Pictures are not part of the copy. Set down exactly the lines from the one containing "念念不忘 自有迴響一舉手一投" through the last line of the material below.

====== Data supplied ======

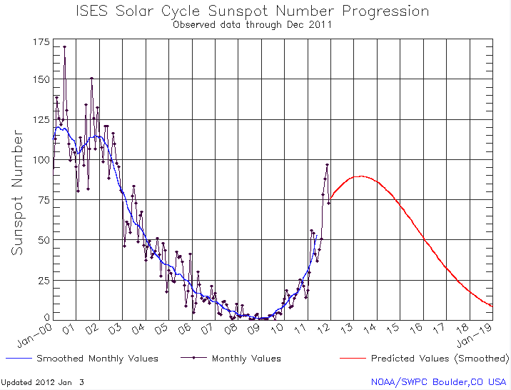 Figure 1: Smoothed monthly sunspot number over the second half of solar cycle 23 and beginning of cycle 24 (blue) and the predicted values over the rest of cycle 24 (red) ( NOAA).
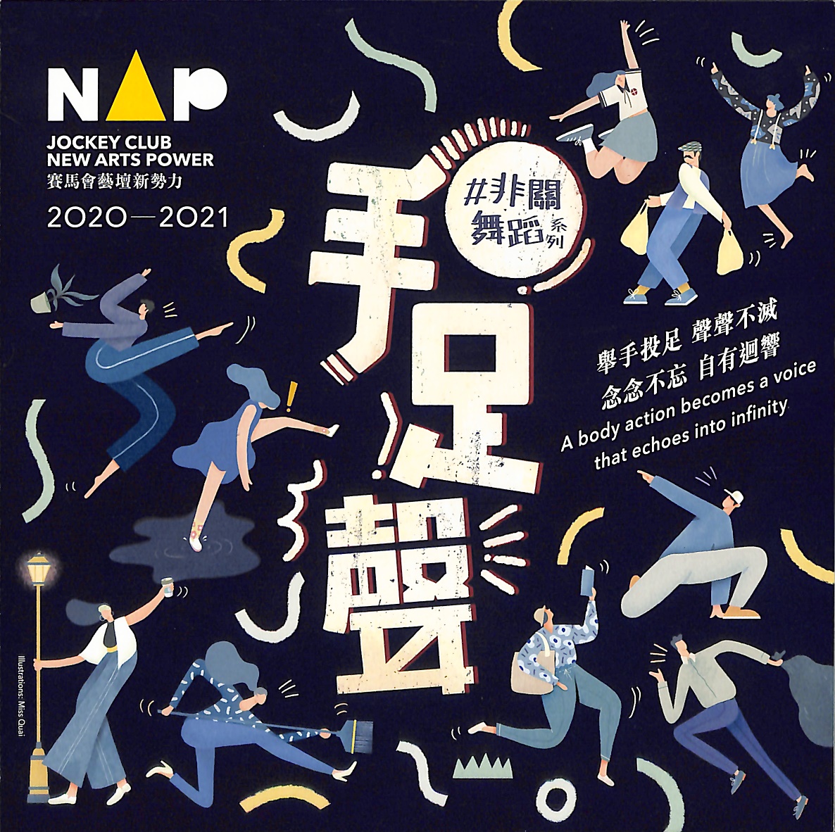 念念不忘 自有迴響一舉手一投足,所發之聲,必有共鳴。用日常為引,發掘身體舞動本能,回歸本源。不加鎖舞踊館近年來以「#非關舞蹈」為重點研習方向,著重由身體出發,發掘身體律動的可能性和享受當中帶來的樂趣,致力向公眾推廣人人皆可舞動的理念。演出讓三十位不同背景的素人與專業舞者,拋開身份,跳出框框,以舞蹈連繫社區。是次「#非關舞蹈」三場公眾參與演出中,首兩場演出將安排參加者與舞團藝術家同台演出。最後一場由舞者擔演,再續未完之《聲》——《聲♯》。
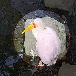 白头鹮鹳又叫彩鹳,羽色美丽,姿态优美。体长为93-102厘米,体重2-3.5千克,寿命最高可达28年以上。橙色的头部赤裸无羽,繁殖期变为红色。橙黄色的嘴粗而长,但嘴尖稍微向下弯曲,与白鹳、黑鹳等鹳属鸟类明显不同。通体白色。胸具宽阔的黑色横带。头的前半部裸出无羽,呈橙色。嘴橙黄色,长而粗,先端向下弯曲,脚亦特长,红色,胫的下部裸出。
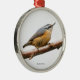 Beautiful Red-Breasted Nuthatch Songbird on Branch Metal Ornament
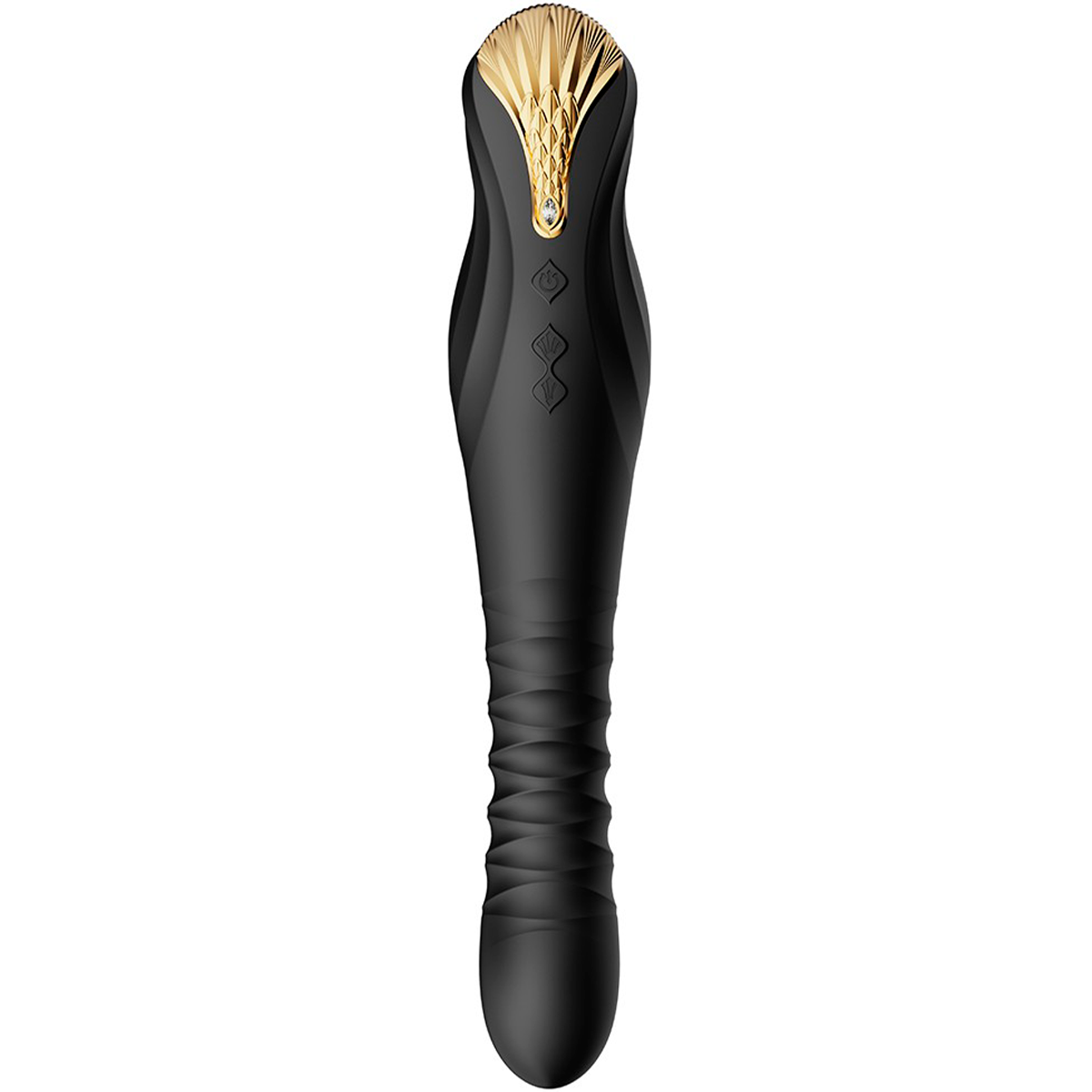 Дизайн вибратора Zalo King был вдохновлён золотой маской древнеегипетских правителей, верхнюю часть которой украшают стилизованные изображения орла и кобры, переплетённых в форме лотоса. Два независимых друг от друга мотора отвечают за глубокие ритмичные толчки со скоростью до 40 движений в минуту, имитирующие настоящие фрикции (8 режимов), и вибрацию - 4 паттерна, от самых нежных до мощных.

======

# Response to this exercise
 念念不忘 自有迴響一舉手一投足,所發之聲,必有共鳴。用日常為引,發掘身體舞動本能,回歸本源。不加鎖舞踊館近年來以「#非關舞蹈」為重點研習方向,著重由身體出發,發掘身體律動的可能性和享受當中帶來的樂趣,致力向公眾推廣人人皆可舞動的理念。演出讓三十位不同背景的素人與專業舞者,拋開身份,跳出框框,以舞蹈連繫社區。是次「#非關舞蹈」三場公眾參與演出中,首兩場演出將安排參加者與舞團藝術家同台演出。最後一場由舞者擔演,再續未完之《聲》——《聲♯》。
 白头鹮鹳又叫彩鹳,羽色美丽,姿态优美。体长为93-102厘米,体重2-3.5千克,寿命最高可达28年以上。橙色的头部赤裸无羽,繁殖期变为红色。橙黄色的嘴粗而长,但嘴尖稍微向下弯曲,与白鹳、黑鹳等鹳属鸟类明显不同。通体白色。胸具宽阔的黑色横带。头的前半部裸出无羽,呈橙色。嘴橙黄色,长而粗,先端向下弯曲,脚亦特长,红色,胫的下部裸出。
 Beautiful Red-Breasted Nuthatch Songbird on Branch Metal Ornament
 Дизайн вибратора Zalo King был вдохновлён золотой маской древнеегипетских правителей, верхнюю часть которой украшают стилизованные изображения орла и кобры, переплетённых в форме лотоса. Два независимых друг от друга мотора отвечают за глубокие ритмичные толчки со скоростью до 40 движений в минуту, имитирующие настоящие фрикции (8 режимов), и вибрацию - 4 паттерна, от самых нежных до мощных.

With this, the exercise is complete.